INFORMATION SUPPLIED:

[Start of Attachment]

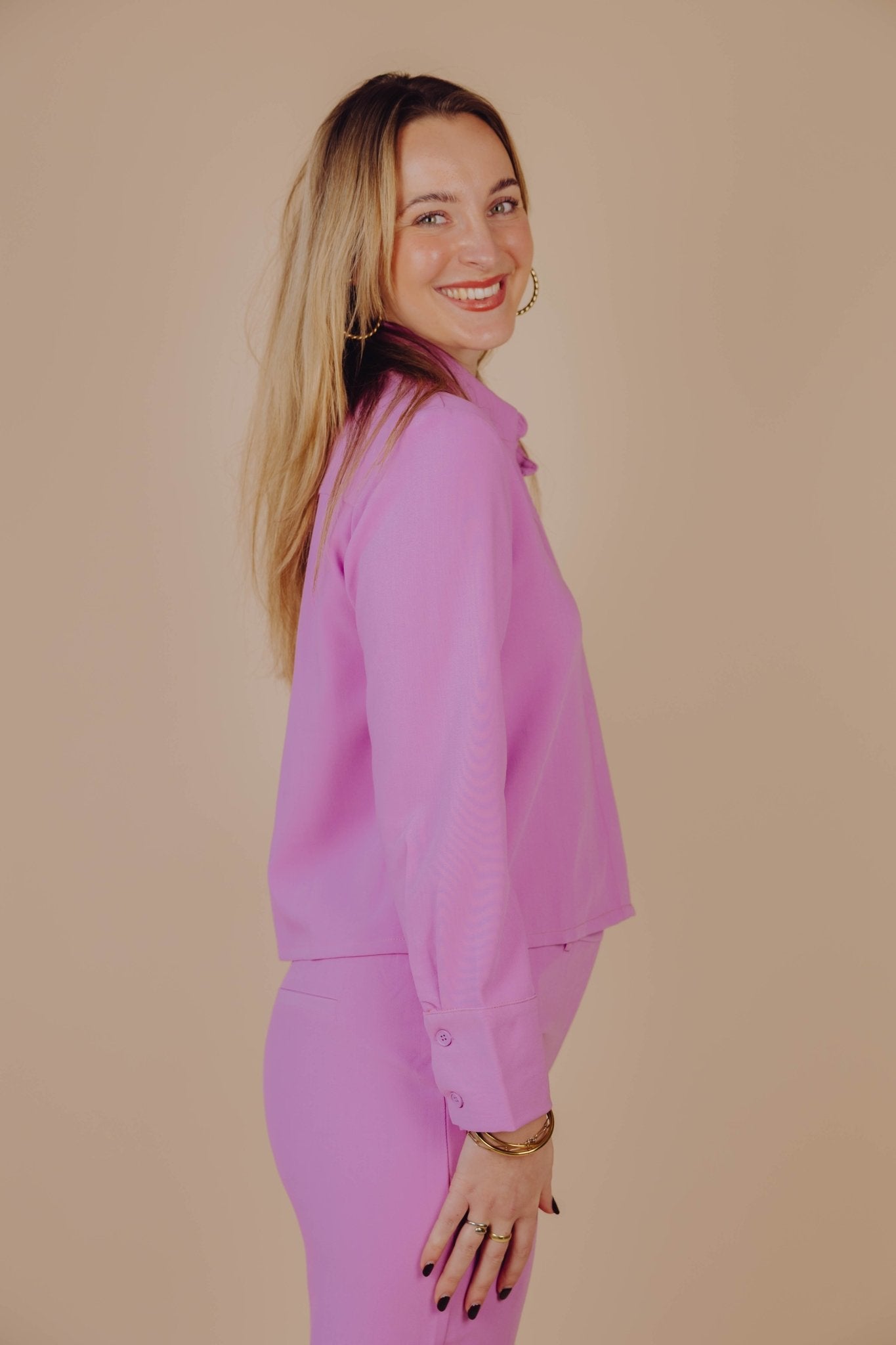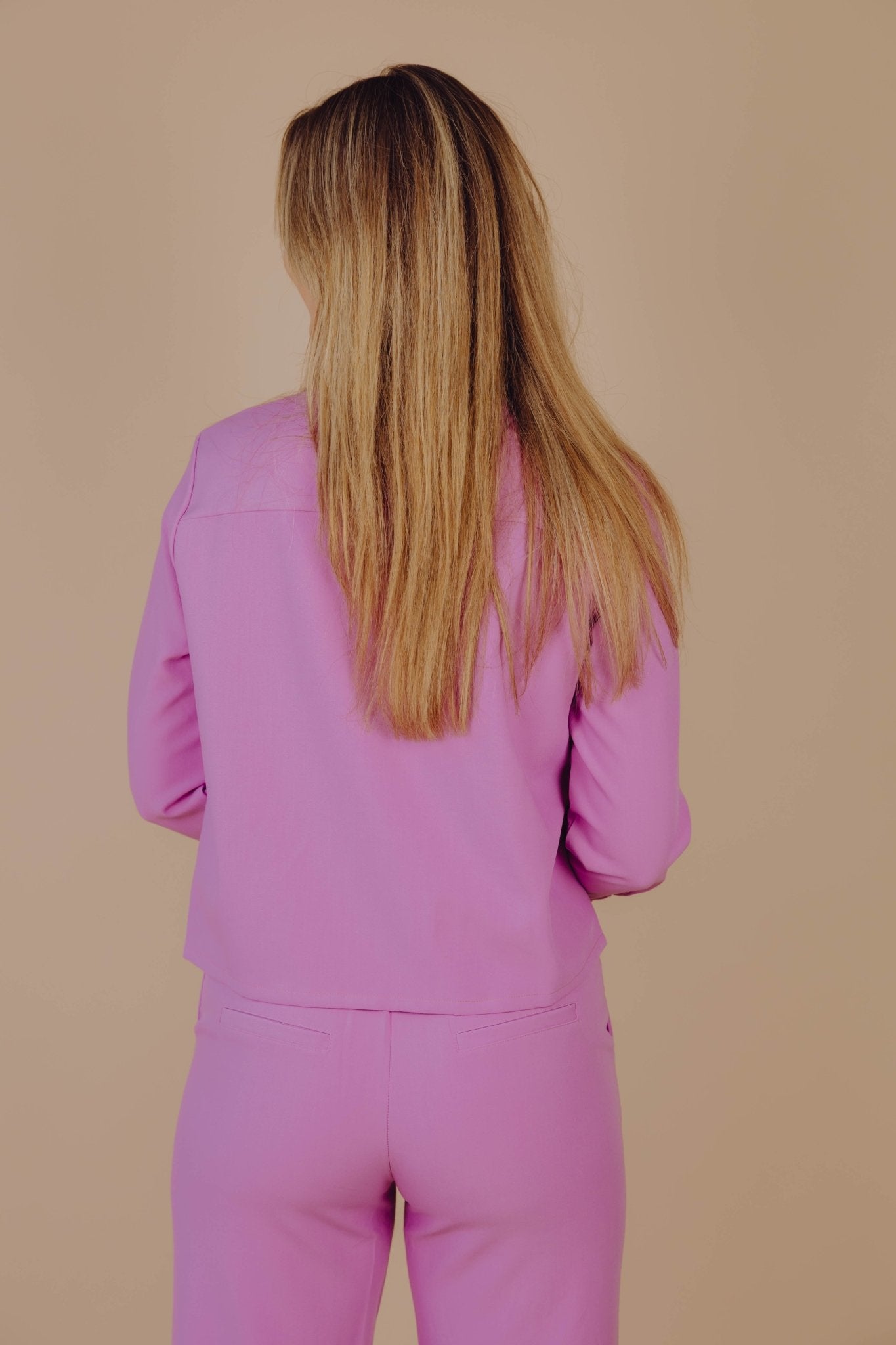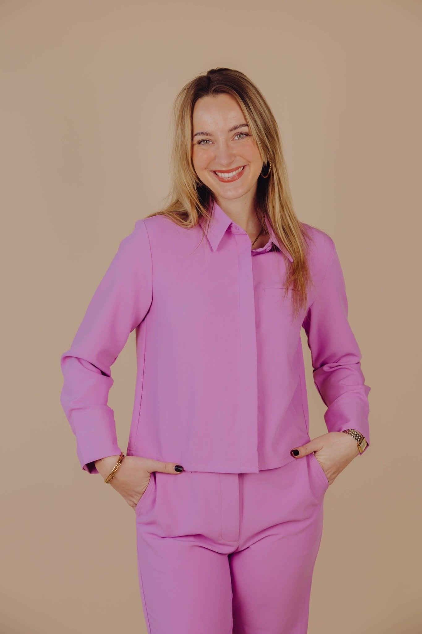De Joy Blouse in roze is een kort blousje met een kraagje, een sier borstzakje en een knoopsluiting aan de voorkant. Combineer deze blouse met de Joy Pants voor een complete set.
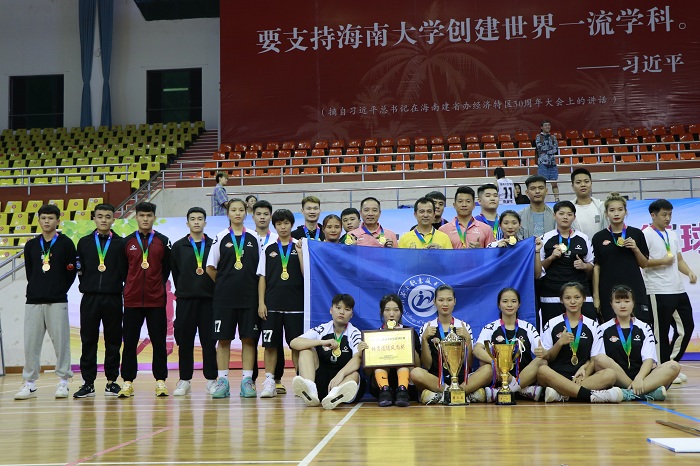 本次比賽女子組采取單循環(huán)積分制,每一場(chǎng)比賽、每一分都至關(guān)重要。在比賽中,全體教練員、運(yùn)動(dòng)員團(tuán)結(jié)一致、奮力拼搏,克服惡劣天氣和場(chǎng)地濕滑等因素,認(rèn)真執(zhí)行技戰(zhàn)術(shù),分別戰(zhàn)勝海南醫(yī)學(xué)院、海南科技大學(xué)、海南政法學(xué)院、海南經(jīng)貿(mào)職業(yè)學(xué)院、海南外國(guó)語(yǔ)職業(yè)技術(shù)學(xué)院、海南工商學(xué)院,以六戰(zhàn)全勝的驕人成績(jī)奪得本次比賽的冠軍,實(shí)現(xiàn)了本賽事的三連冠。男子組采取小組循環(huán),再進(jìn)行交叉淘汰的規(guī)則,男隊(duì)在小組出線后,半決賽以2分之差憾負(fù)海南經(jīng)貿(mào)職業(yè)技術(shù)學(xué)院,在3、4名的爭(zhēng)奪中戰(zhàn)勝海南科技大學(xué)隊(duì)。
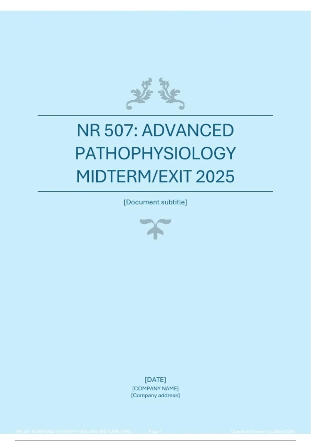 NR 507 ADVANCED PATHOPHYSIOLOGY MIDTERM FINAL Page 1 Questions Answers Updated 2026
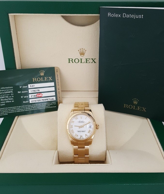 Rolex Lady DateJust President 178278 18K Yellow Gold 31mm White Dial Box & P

[End of Attachment]

DESCRIPTION OF THE TASK: Would you please set down the listing above exactly, minus its images?

TASK OUTPUT:
De Joy Blouse in roze is een kort blousje met een kraagje, een sier borstzakje en een knoopsluiting aan de voorkant. Combineer deze blouse met de Joy Pants voor een complete set.
 本次比賽女子組采取單循環(huán)積分制,每一場(chǎng)比賽、每一分都至關(guān)重要。在比賽中,全體教練員、運(yùn)動(dòng)員團(tuán)結(jié)一致、奮力拼搏,克服惡劣天氣和場(chǎng)地濕滑等因素,認(rèn)真執(zhí)行技戰(zhàn)術(shù),分別戰(zhàn)勝海南醫(yī)學(xué)院、海南科技大學(xué)、海南政法學(xué)院、海南經(jīng)貿(mào)職業(yè)學(xué)院、海南外國(guó)語(yǔ)職業(yè)技術(shù)學(xué)院、海南工商學(xué)院,以六戰(zhàn)全勝的驕人成績(jī)奪得本次比賽的冠軍,實(shí)現(xiàn)了本賽事的三連冠。男子組采取小組循環(huán),再進(jìn)行交叉淘汰的規(guī)則,男隊(duì)在小組出線后,半決賽以2分之差憾負(fù)海南經(jīng)貿(mào)職業(yè)技術(shù)學(xué)院,在3、4名的爭(zhēng)奪中戰(zhàn)勝海南科技大學(xué)隊(duì)。
 NR 507 ADVANCED PATHOPHYSIOLOGY MIDTERM FINAL Page 1 Questions Answers Updated 2026
 Rolex Lady DateJust President 178278 18K Yellow Gold 31mm White Dial Box & P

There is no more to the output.